Nongkhong Koiba (ꯅꯣꯡꯈꯣꯡ ꯀꯣꯏꯕ), also spelled Nangkhang Koiba (ꯅꯪꯈꯪ ꯀꯣꯏꯕ), is a cultural and cosmological tradition of the Meitei people of Ancient Kangleipak (present-day Manipur). It forms part of the Meitei indigenous belief system and scriptural heritage recorded in Meetei Puyas (ancient texts), particularly the Wakoklon Heelel Thilel Salai Amailon Pukok Puya. The tradition centers around a symbolic act involving the circumambulation of a sacred site or cosmological principle called Nongkhong, signifying a divine or cosmic origin of kingship, life, and governance.

The Meitei mythology of Nongkhong Koiba is related to the development of the Meitei festival of Yaoshang (ꯌꯥꯎꯁꯪ).

== Etymology and meaning ==

In ancient Meitei language, Nongkhong (ꯅꯣꯡꯈꯣꯡ) refers to the cosmic "footprint" or the point on Earth where the cosmic creator deity (Salailel Sitapa or Ipa Sorarel) first set foot to implant life on Earth.

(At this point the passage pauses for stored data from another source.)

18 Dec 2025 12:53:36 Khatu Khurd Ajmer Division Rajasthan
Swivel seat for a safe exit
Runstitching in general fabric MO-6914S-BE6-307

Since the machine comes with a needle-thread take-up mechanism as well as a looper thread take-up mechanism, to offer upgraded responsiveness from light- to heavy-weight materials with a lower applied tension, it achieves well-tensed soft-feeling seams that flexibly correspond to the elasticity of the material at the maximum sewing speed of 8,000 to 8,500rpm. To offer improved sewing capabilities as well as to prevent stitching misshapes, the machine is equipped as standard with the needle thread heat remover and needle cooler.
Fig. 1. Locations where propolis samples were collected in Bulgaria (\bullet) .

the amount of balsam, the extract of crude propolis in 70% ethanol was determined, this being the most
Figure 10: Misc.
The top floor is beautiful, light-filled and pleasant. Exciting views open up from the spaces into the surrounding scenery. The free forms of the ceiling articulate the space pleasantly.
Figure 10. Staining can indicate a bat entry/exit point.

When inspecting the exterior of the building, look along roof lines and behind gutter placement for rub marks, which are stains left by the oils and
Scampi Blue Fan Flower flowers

Meitei language term "Koiba" (ꯀꯣꯏꯕ) means "to go around" or "circumambulate".

Together, Nongkhong Koiba symbolizes the act of going around the sacred point of cosmic origin as an acknowledgment of divine authority and cosmological understanding.

== Scriptural basis ==

The tradition is rooted in passages from the Wakoklon Heelel Thilel Salai Amailon Pukok, an ancient Meetei scripture. Two relevant excerpts highlight the origin and philosophical basis of the practice. The first excerpt discusses the birth of divine beings and their connection to the cosmic seat of power (Fampan Fangkhong). The second describes a cosmological event where life is believed to have originated on Earth from an extra-terrestrial source.

Excerpts (translated and summarized):

1. “Pakhangba was born of a mother after a ten-month gestation. Sanamahi, his elder sibling, was not born through a maternal womb. The seat of authority (Fampan Fangkhong) was associated with the cosmic progenitor Salailel Sitapa.”

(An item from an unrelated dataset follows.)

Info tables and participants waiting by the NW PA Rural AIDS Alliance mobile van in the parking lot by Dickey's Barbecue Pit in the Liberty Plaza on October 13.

2. “The creator set foot upon the Earth at the Nongkhong point, planting life. The Nongkhong is the place where the cosmic father made contact with the Earth for the first time.”

These excerpts establish the metaphysical and cosmological framework for the Nongkhong Koiba ritual.

== Narrative ==

According to the tradition, the cosmic deity Salailel Sitapa (also called Ipa Sorarel or “universal father”), after reaching old age, decided to pass on his divine seat of authority (Fampan). He proposed a test to his two sons—Sanamahi and Konchin Tukthapa Pali Atonpa.

Sanamahi (ꯁꯅꯥꯃꯍꯤ), a powerful, divine being, took the challenge literally and began a journey around the universe.

Konchin Tukthapa (ꯀꯣꯟꯆꯤꯟ ꯇꯨꯛꯊꯄ), the younger son and a fully human being, acknowledged his limitations and sought guidance from his mother, Ima Leimalel Sitapi (personification of Earth). She advised him to circumambulate his father sitting on the Fampan Fangkhong seven times, touching his forehead to the Earth in reverence.

Konchin Tukthapa followed this advice and completed the act before Sanamahi returned. Pleased by this gesture of understanding and humility, Salailel Sitapa awarded Konchin Tukthapa the seat of kingship and gave him the title Pakhangba.

== Philosophical and cosmological significance ==

The Nongkhong Koiba is not presented as a test of intelligence or speed, but as a cosmic and philosophical ritual demonstrating knowledge of one's divine origin and responsibility. It reflects Meetei cosmology’s belief in:

- Extra-terrestrial origin of life: Life originates from the universe and is planted on Earth.

- Unity between space and earth: The interaction between Salailel Sitapa (space) and Leimalel Sitapi (earth) produces and sustains life.

- Numerology: The number seven (talet) holds significance—representing seven parts of the cosmic god (Lainingthou Talet), seven clans of the Meetei people (Salai), and seven original stars (Thouwai Michak).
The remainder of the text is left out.